§ GIVEN RECORDS
== Segment start ==
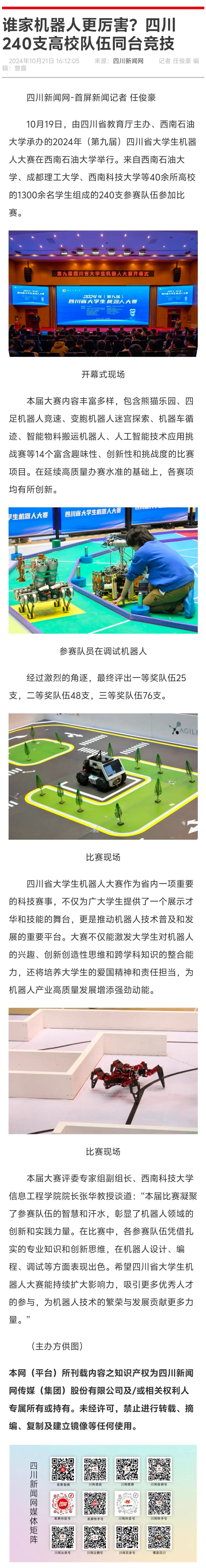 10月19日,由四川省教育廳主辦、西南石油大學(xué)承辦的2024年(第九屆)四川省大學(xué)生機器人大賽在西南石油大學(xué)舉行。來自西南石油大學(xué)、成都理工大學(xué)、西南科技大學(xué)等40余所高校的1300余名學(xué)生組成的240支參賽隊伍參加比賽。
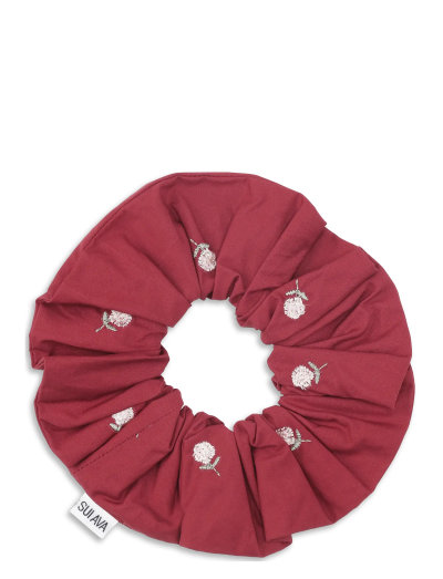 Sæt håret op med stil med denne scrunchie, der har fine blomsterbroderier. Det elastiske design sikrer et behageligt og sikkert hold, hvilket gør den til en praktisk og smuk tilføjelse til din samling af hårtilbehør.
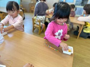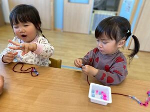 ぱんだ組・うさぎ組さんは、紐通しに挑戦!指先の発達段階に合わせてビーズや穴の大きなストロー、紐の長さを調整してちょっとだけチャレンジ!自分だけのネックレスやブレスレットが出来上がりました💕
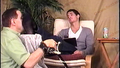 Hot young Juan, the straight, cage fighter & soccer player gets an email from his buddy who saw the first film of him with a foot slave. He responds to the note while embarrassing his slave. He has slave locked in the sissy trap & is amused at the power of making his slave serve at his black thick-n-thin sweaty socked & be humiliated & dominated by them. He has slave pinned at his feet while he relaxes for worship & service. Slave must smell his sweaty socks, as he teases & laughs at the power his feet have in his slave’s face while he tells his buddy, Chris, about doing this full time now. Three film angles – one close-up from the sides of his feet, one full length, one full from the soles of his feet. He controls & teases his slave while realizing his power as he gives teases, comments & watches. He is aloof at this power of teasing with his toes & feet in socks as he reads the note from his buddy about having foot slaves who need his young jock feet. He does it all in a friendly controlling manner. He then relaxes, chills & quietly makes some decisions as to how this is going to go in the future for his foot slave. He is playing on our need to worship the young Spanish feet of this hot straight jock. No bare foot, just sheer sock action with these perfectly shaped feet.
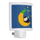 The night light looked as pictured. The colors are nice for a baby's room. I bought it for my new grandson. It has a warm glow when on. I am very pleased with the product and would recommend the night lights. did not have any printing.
== Segment end ==
== Segment start ==
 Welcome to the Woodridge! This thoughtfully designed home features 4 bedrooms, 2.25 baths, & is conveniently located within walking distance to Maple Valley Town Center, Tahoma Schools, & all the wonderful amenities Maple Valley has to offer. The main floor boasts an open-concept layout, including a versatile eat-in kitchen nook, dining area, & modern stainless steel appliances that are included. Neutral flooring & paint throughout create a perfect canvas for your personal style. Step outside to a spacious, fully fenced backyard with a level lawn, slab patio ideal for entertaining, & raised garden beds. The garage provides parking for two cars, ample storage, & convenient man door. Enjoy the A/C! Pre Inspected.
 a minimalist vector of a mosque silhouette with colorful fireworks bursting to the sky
== Segment end ==
§ REQUIREMENT
Above are some records; extract exactly the lines from the one containing "ぱんだ組・うさぎ組さんは、紐" through the one containing "The night light looked" and drop the pictures.

§ OUTPUT OF THE TASK
 ぱんだ組・うさぎ組さんは、紐通しに挑戦!指先の発達段階に合わせてビーズや穴の大きなストロー、紐の長さを調整してちょっとだけチャレンジ!自分だけのネックレスやブレスレットが出来上がりました💕
 Hot young Juan, the straight, cage fighter & soccer player gets an email from his buddy who saw the first film of him with a foot slave. He responds to the note while embarrassing his slave. He has slave locked in the sissy trap & is amused at the power of making his slave serve at his black thick-n-thin sweaty socked & be humiliated & dominated by them. He has slave pinned at his feet while he relaxes for worship & service. Slave must smell his sweaty socks, as he teases & laughs at the power his feet have in his slave’s face while he tells his buddy, Chris, about doing this full time now. Three film angles – one close-up from the sides of his feet, one full length, one full from the soles of his feet. He controls & teases his slave while realizing his power as he gives teases, comments & watches. He is aloof at this power of teasing with his toes & feet in socks as he reads the note from his buddy about having foot slaves who need his young jock feet. He does it all in a friendly controlling manner. He then relaxes, chills & quietly makes some decisions as to how this is going to go in the future for his foot slave. He is playing on our need to worship the young Spanish feet of this hot straight jock. No bare foot, just sheer sock action with these perfectly shaped feet.
 The night light looked as pictured. The colors are nice for a baby's room. I bought it for my new grandson. It has a warm glow when on. I am very pleased with the product and would recommend the night lights. did not have any printing.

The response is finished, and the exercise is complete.